RichRAG: Crafting Rich Responses for Multi-faceted Queries in Retrieval-Augmented Generation

Paper · arXiv 2406.12566 · Published June 18, 2024

Existing studies mostly focus on question scenarios with clear user intents and concise answers. However, it is prevalent that users issue broad, open-ended queries with diverse sub-intents, for which they desire rich and long-form answers covering multiple relevant aspects. To tackle this important yet underexplored problem, we propose a novel RAG framework, namely RichRAG. It includes a sub-aspect explorer to identify potential sub-aspects of input questions, a multi-faceted retriever to build a candidate pool of diverse external documents related to these sub-aspects, and a generative list-wise ranker, which is a key module to provide the top-k most valuable documents for the final generator. These ranked documents sufficiently cover various query aspects and are aware of the generator’s preferences, hence incentivizing it to produce rich and comprehensive responses for users. The training of our ranker involves a supervised fine-tuning stage to ensure the basic coverage of documents, and a reinforcement learning stage to align downstream LLM’s preferences to the ranking of documents.

Though some advanced techniques (Jiang et al., 2023; Asai et al., 2024; Wang et al., 2023c; Li et al., 2024) have been proposed, existing studies primarily focus on addressing specific problems that require concise and definitive answers. However, user intents are complex and multi-faceted, necessitating rich and comprehensive answers.
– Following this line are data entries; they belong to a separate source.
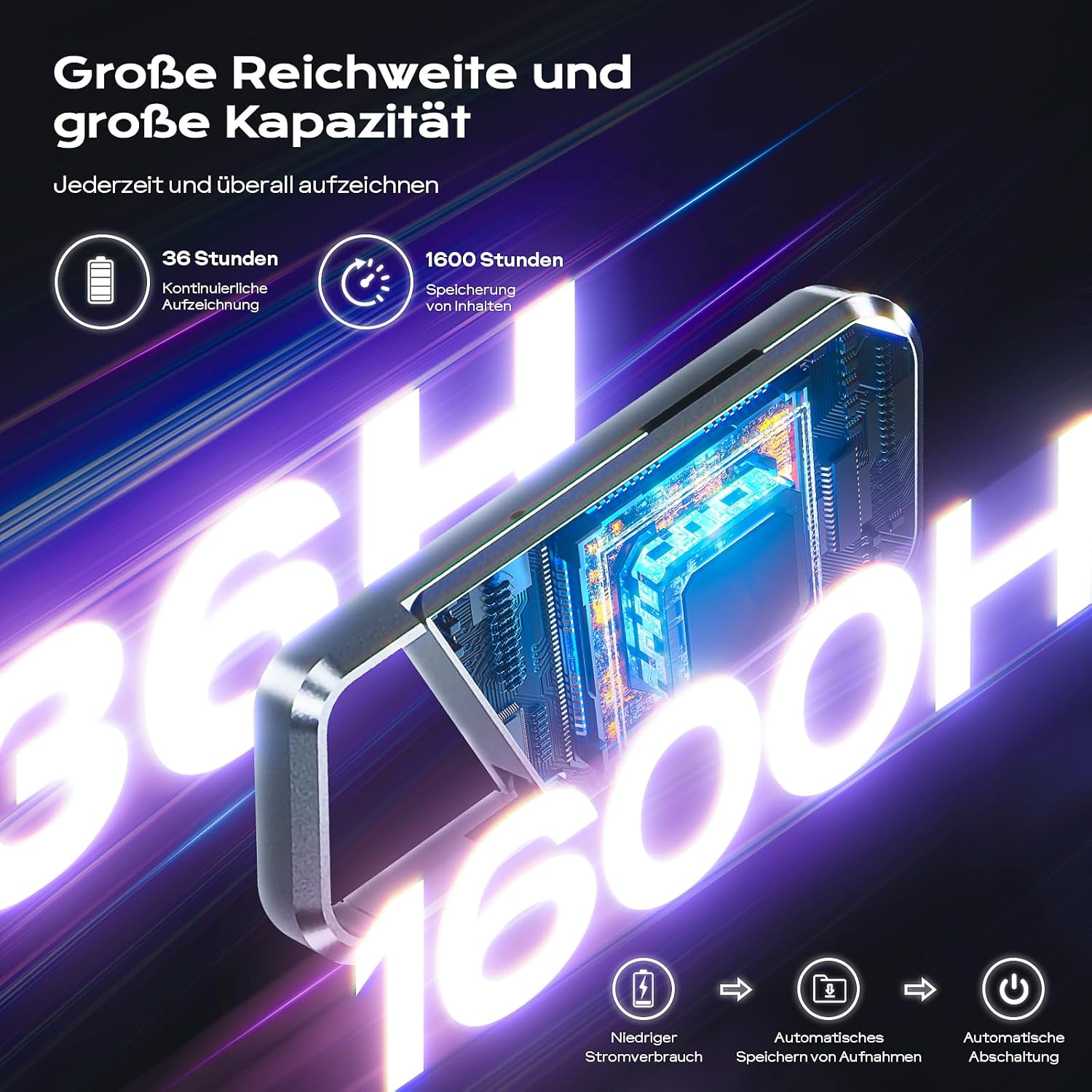 • Здрав и издръжлив: Високопроизводителната батерия позволява 36 часа непрекъснат запис, бързото зареждане спестява време за чакане. Устойчив на падане корпус, без страх от сурови условия на околната среда или случайни сблъсъци в ежедневието.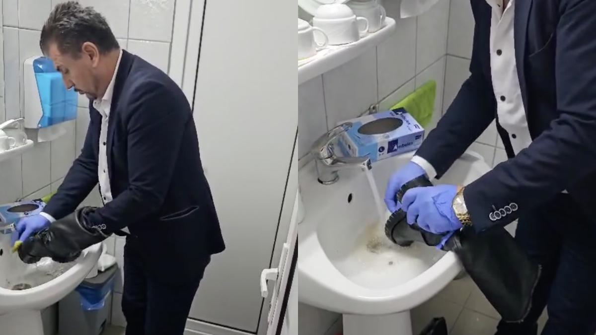 Deloc supărat, Iosif Bimbo a așezat cizmele sub bradul de la primărie, apoi s-a înarmat cu mănuși și s-a apucat de spălat, în timp ce era filmat.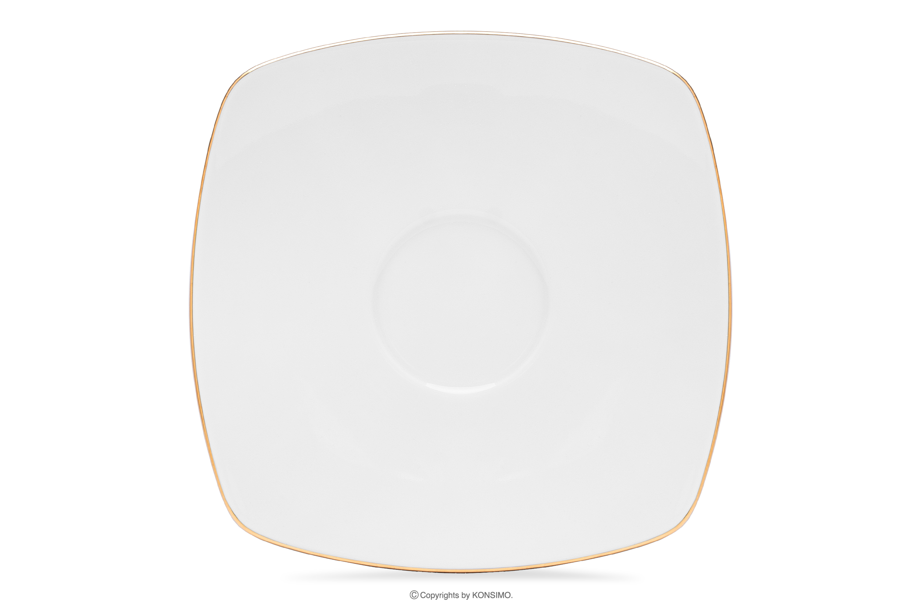 Die Kaffeetassenuntertasse Goldlinie ist ein Produkt, das Stil und Klasse verkörpert. Ihr einzigartiges Design, das auf einer quadratischen Form basiert, verleiht jedem Stück einen modernen Touch. Die zarte Linie am Rand verleiht ihm einen subtilen Glanz und macht ihn nicht nur zu einem perfekten funktionalen, sondern auch zu einem dekorativen Element, das die Aufmerksamkeit auf sich zieht.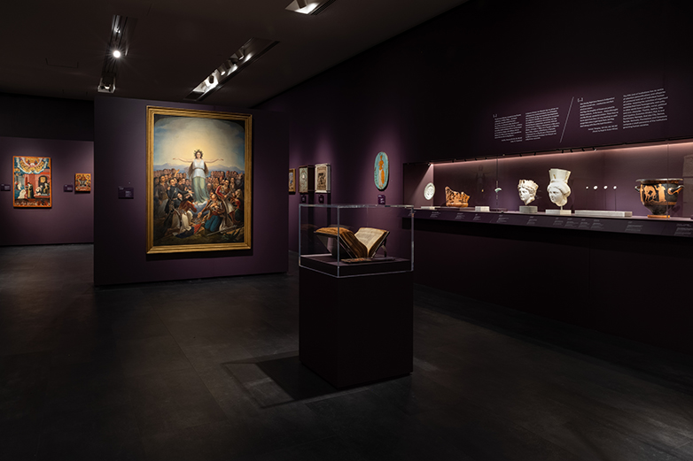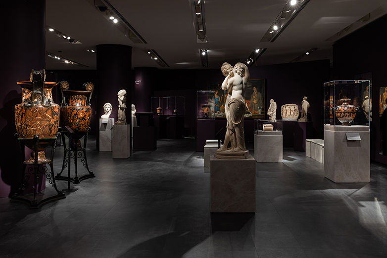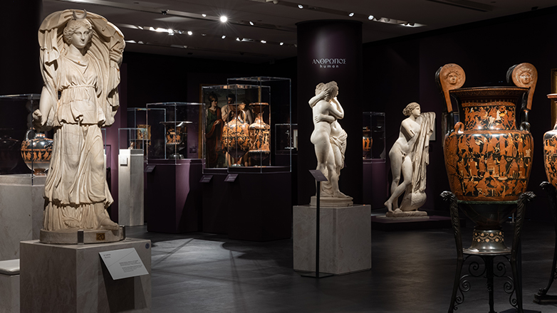 Εμβληματικά είναι και τα αντικείμενα από τα ελληνικά μουσεία και τις ιδιωτικές συλλογές που κοσμούν την έκθεση, η οποία θα διαρκέσει έως τις 14 Απριλίου 2024. Μεταξύ αυτών, συγκαταλέγονται περίφημα έργα των Γιάννη Τσαρούχη, Νικολάου Γύζη, Χρήστου Μποκόρου, Ιωάννη Κόσσου και Θεόδωρου Βρυζάκη, καθώς και μοναδικές αρχαιότητες, όπως η Σανδαλίζουσα, 420 – 410 π.Χ., από το Μουσείο Ακρόπολης, το κεφάλι με κράνος από άγαλμα της θεάς Ρώμης (προσωποποίηση της Ρωμαϊκής Αυτοκρατορίας), 130-140 μ.Χ. από το Αρχαιολογικό Μουσείο Αρχαίας Σικυώνας ή η Εικόνα αλληγορία της Θείας Μετάληψης του 18ου αιώνα, έργο του Κωνσταντίνου Κονταρίνη από το Βυζαντινό και Χριστιανικό Μουσείο.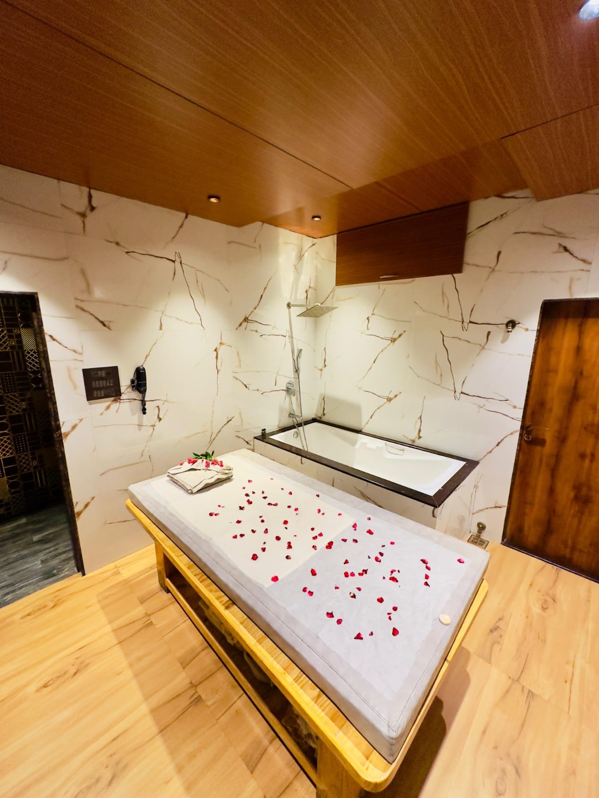 Enjoy the soothing benefits of our Jacuzzi Body Massage at Sutra Spa Thane. Warm water jets ease muscle tension, improve circulation, and provide deep relaxation for the body and mind. A luxurious wellness experience you’ll love.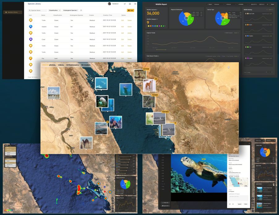 在亚非交界的蔚蓝海域,有一片令人屏息的奇迹——红海。这里有众多未受破坏的岛屿、多样的地貌和上千种鱼类,是全球最独特的珊瑚礁生态系统之一。为响应沙特2030年愿景,商汤沙特SenseTime MEA在此打造全球首个AI赋能的一站式可持续生态智能平台——“AI Eco-360生态全景分析平台”(AI Eco-360 Analytics Platform,以下简称“AI Eco-360平台”),全面整合天空、陆地和水下环境生态系统中50余种环境与生态指标的实时数据,为沙特红海地区提供360度全景监测与智能分析管理,为决策者提供可实践、可持续的发展建议,全方位支持生态保护与资源管理,助力沙特阿拉伯的绿色可持续、高水平发展。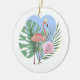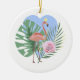 Pink Flamingo tropical leaf palm Ceramic Ornament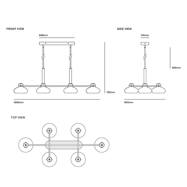 Dimensions | Pendant Length: 49.21 inch, Canopy Length: 20 inch, Max Reach From Ceiling To Pendant: 28.54 inch |

As Figure 1 shows, when a user inquires about rapping related information, a rich response about various aspects of rapping, such as origins, characteristics, and evolution could lead to a more satisfactory user experience than a superficial description.

In further, we claim that a promising top-k ranking should have the following desirable features: (1) Comprehensiveness. Incentivizing LLM to generate rich and reliable responses requires external documents to comprehensively cover various query aspects. Therefore, the ability to model relationships among documents, hence maximizing the coverage of the entire reference list is crucial for the ranking module. (2) Alignment with the LLMs’ preferences. In RAG systems, the users of IR models are LLMs instead of humans. Thus, the reference order should be LLM-friendly, hence enhancing the generator to produce satisfying responses.

To achieve this, we devise a generative list-wise ranker based on encoder-decoder structures. It takes as input the user query, its identified subaspects, and all candidates, then directly generates top-k document IDs as final ranking lists. This structure offers two key advantages: (1) Global Document Modeling. The seq-to-seq model structure equips the ranker to effectively model global interactions among candidate documents, queries, and sub-aspects, thereby capturing the overall utility of generated ranking lists in covering the query’s multi-aspects. (2) Efficiency. Following the FiD structure (Izacard and Grave, 2021), we parallelize the encoding of each candidate and further introduce pooling and reuse operations to the decoder module.